Kurukullā is a goddess whose body is usually depicted in red with four arms, holding a bow and arrow made of flowers in one pair of hands and a hook and noose of flowers in the other pair. She dances in a Dakini-pose and crushes the asura Rahu (the one who devours the sun). According to Hindu astrology, Rahu is a snake with a demon head (Navagraha) who represents the ascending lunar node.

She is considered either an emanation of Amitābha, one of Tara's forms, or a transformation of Heruka.

==History==
Kurukullā was likely an Indian tribal deity associated with magical domination. She was assimilated into the Buddhist pantheon at least as early as the Hevajra Tantra, which contains her mantra. Her function in Tibetan Buddhism is the "red" function of subjugation. Her root tantra is the Arya-tara-kurukulle-kalpa (Practices of the Noble Tara Kurukullā). It was translated by Tsültrim Gyalwa, a disciple of Atiśa.

==Buddhist traditions==
She has a complex history of traditions. In one of the many stories, a queen was unhappy being neglected by her king. To win his affection, she sent her helper to find a solution. Her helper encountered a (dark-)red skinned enchantress in a market, who offered to do some magic. The enchantress gave magical food (or medicine) to the helper, and instructed the queen to give the food to the king to win his love by magical means.
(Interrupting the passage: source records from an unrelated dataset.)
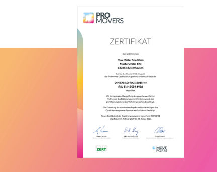 Die Qualität unserer Leistungen zu verbessern, ist das oberste Ziel von ProMovers. ProMovers etabliert ein Qualitätsmanagementsystem und ein Zertifikat, auf das sich Auftraggeber uneingeschränkt verlassen können.
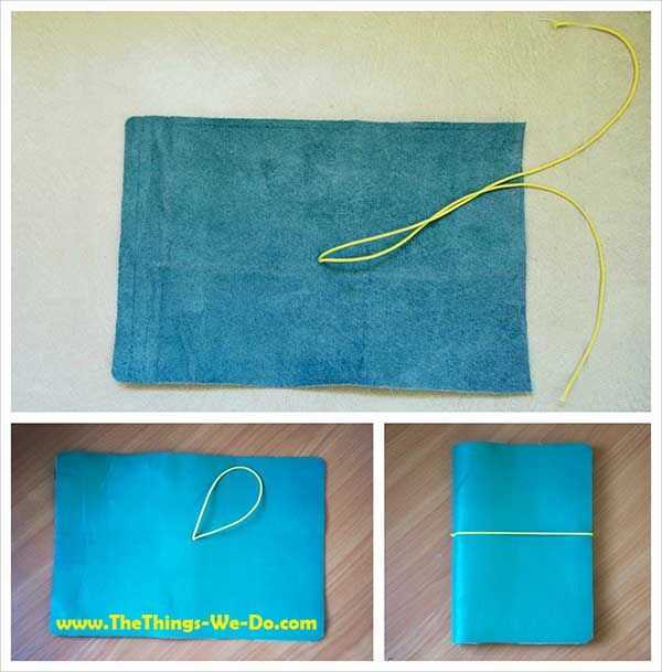 Corte aproximadamente 11 pulgadas (26cm) de elástico, doblar por la mitad y poner a través del orificio. Usted tendrá un lazo de elástico en la parte frontal de la pieza de cuero. Ajustar el tamaño de un lazo y un nudo en los extremos de elástico para fijar el lazo.
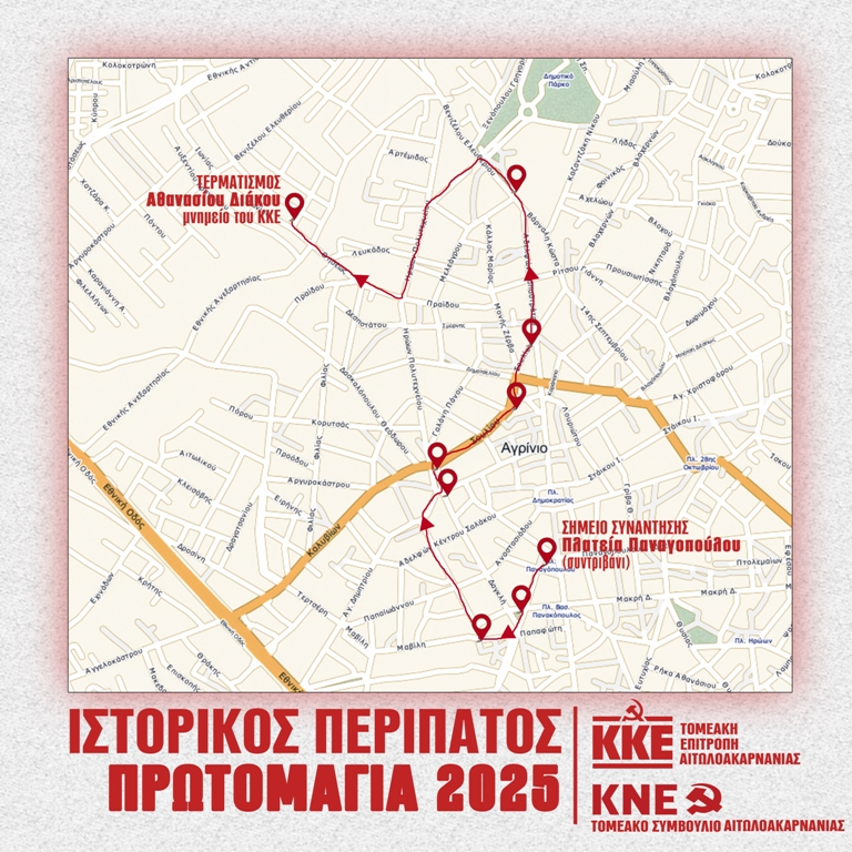 Η Τομεακή Επιτροπή Αιτωλοακαρνανίας του ΚΚΕ και το Τομεακό Συμβούλιο Αιτωλοακαρνανίας της ΚΝΕ, διοργανώνουν ιστορικό περίπατο στο Αγρίνιο, την Κυριακή 27 Απριλίου, στις 11πμ, μπροστά στην Πρωτομαγιά, με τίτλο: «Στους ξεσηκωμένους του πικρού καπνού…που ψήλωσαν το μπόι της τάξης μας», αφιερωμένο στους αγώνες της εργατικής τάξης της πόλης μας, με πρωτοπόρους τους καπνεργάτες.

The queen upon receiving the magic item, decided that it was inappropriate and harmful, and threw it to into a lake. A naga dragon king from the lake ate the food and was enchanted to impregnate the queen while both burn intensively in "flames of desire". The King learned about the pregnancy (or saw the child), and decided to punish the queen. The queen explained to the king what happened. The King decided to summon the enchantress into the palace. The king recognized and appreciated the enchantress as an extraordinary person (some said the enchantress was Kurukulla) and requested blessings and teachings from her. The king acquired magical powers siddhis from her practices and blessings, and then wrote instructions on the practice of Kurukulla.

==Mantra==

The mantra of Kurukulla

The essential mantra of Kurukullā is Oṃ Kurukulle Hrīḥ Svāhā . This mantra uses the vocative form (Kurukulle) of her name.